**ACTIVITY**
The answer is to be the data that follows, transcribed exactly, minus its pictures.

**STORED DATA**

********************

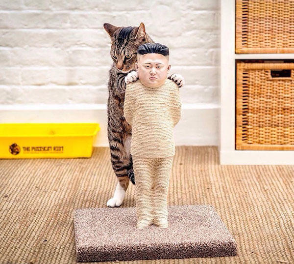 於是HIdeMyAss網站請來設計師打造兩尊高約45公分高的公仔,利用3D列印技術做出維妙維肖的樣貌,並且親手將麻繩纏繞而上,做出超受貓咪歡迎的人形貓抓板。藉由貓咪與金正恩、普丁的對決,象徵著人們應該也要想辦法對這些獨裁政府做出一些反制。但面對巨大的國家組織,他們所推行的方法是相對迂迴的,利用特殊的軟體來為使用者的網路數據加密,以便躲開審查,可以自由尋找國外被封鎖的內容,其概念就像大家常聽到的「翻牆」。
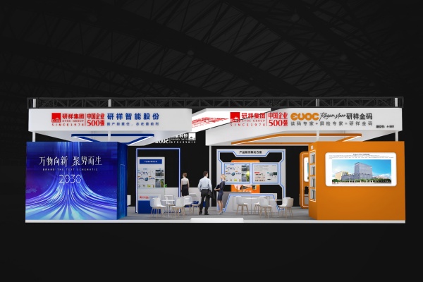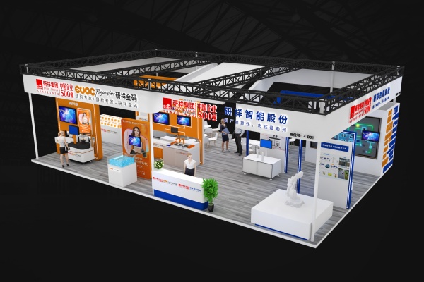 在顏色搭配上,展臺(tái)以黃白為主色調(diào),營造出簡(jiǎn)潔、明亮的氛圍,使整個(gè)空間顯得寬敞大氣,突出了展品和信息的呈現(xiàn)。同時(shí),大量運(yùn)用藍(lán)色作為輔助色,增強(qiáng)了科技感。藍(lán)色的線條、標(biāo)識(shí)等元素在白色背景上起到了良好的點(diǎn)綴和強(qiáng)調(diào)作用。此外,展示區(qū)的部分區(qū)域采用了橙色,為展臺(tái)增添了活力和亮色,避免了整體色彩搭配的單調(diào)感。
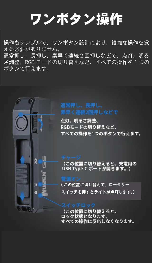 | モード | 白色光:400~2ルーメン(無段階調光)/50min~65h RGBモード:10ルーメン/9h ビーコン:10ルーメン/45h 点滅モード:10ルーメン/25h |
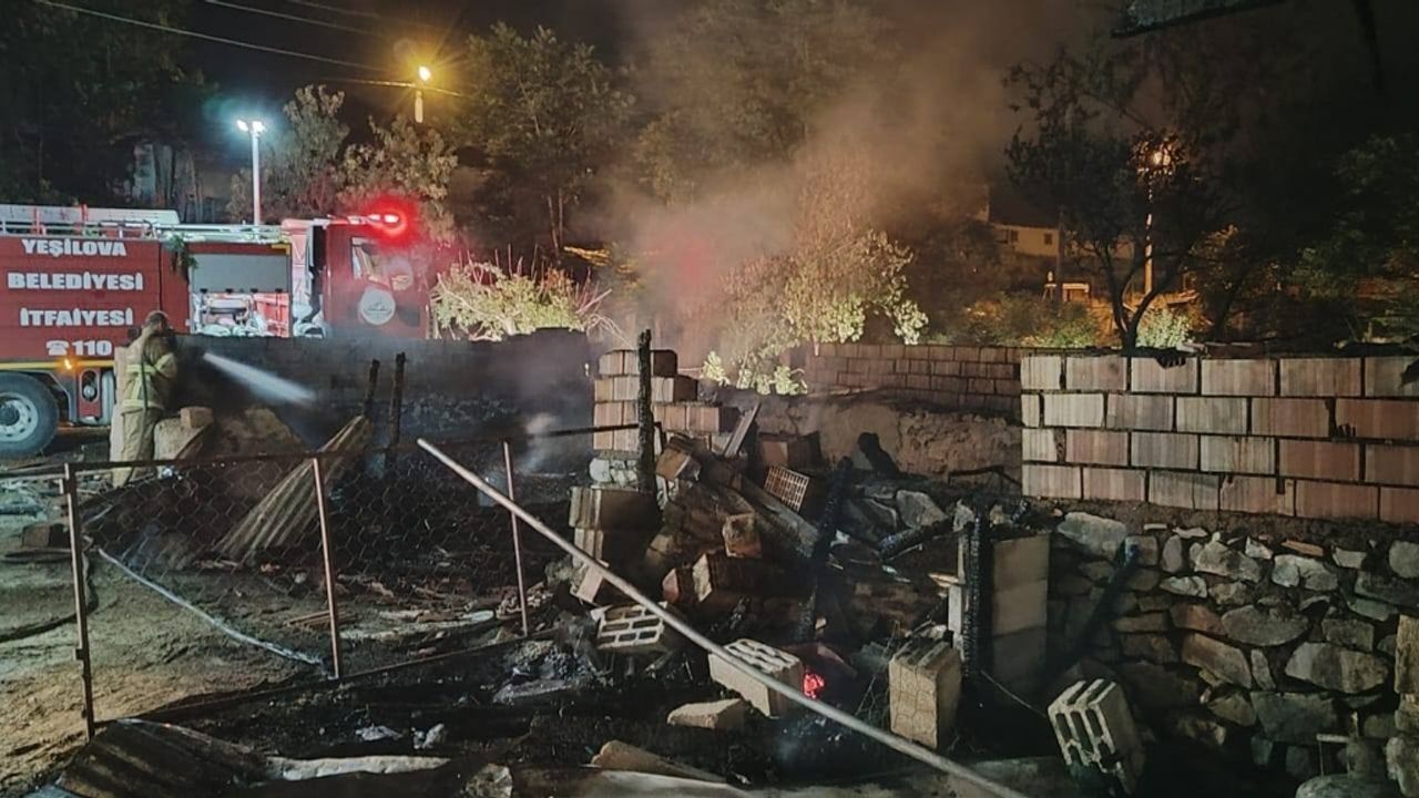 İtfaiye ekiplerinin müdahalesiyle söndürülen yangında 3 koyun, 7 kuzu telef oldu.

********************

**OUTPUT BELOW**
 於是HIdeMyAss網站請來設計師打造兩尊高約45公分高的公仔,利用3D列印技術做出維妙維肖的樣貌,並且親手將麻繩纏繞而上,做出超受貓咪歡迎的人形貓抓板。藉由貓咪與金正恩、普丁的對決,象徵著人們應該也要想辦法對這些獨裁政府做出一些反制。但面對巨大的國家組織,他們所推行的方法是相對迂迴的,利用特殊的軟體來為使用者的網路數據加密,以便躲開審查,可以自由尋找國外被封鎖的內容,其概念就像大家常聽到的「翻牆」。
 在顏色搭配上,展臺(tái)以黃白為主色調(diào),營造出簡(jiǎn)潔、明亮的氛圍,使整個(gè)空間顯得寬敞大氣,突出了展品和信息的呈現(xiàn)。同時(shí),大量運(yùn)用藍(lán)色作為輔助色,增強(qiáng)了科技感。藍(lán)色的線條、標(biāo)識(shí)等元素在白色背景上起到了良好的點(diǎn)綴和強(qiáng)調(diào)作用。此外,展示區(qū)的部分區(qū)域采用了橙色,為展臺(tái)增添了活力和亮色,避免了整體色彩搭配的單調(diào)感。
 | モード | 白色光:400~2ルーメン(無段階調光)/50min~65h RGBモード:10ルーメン/9h ビーコン:10ルーメン/45h 点滅モード:10ルーメン/25h |
 İtfaiye ekiplerinin müdahalesiyle söndürülen yangında 3 koyun, 7 kuzu telef oldu.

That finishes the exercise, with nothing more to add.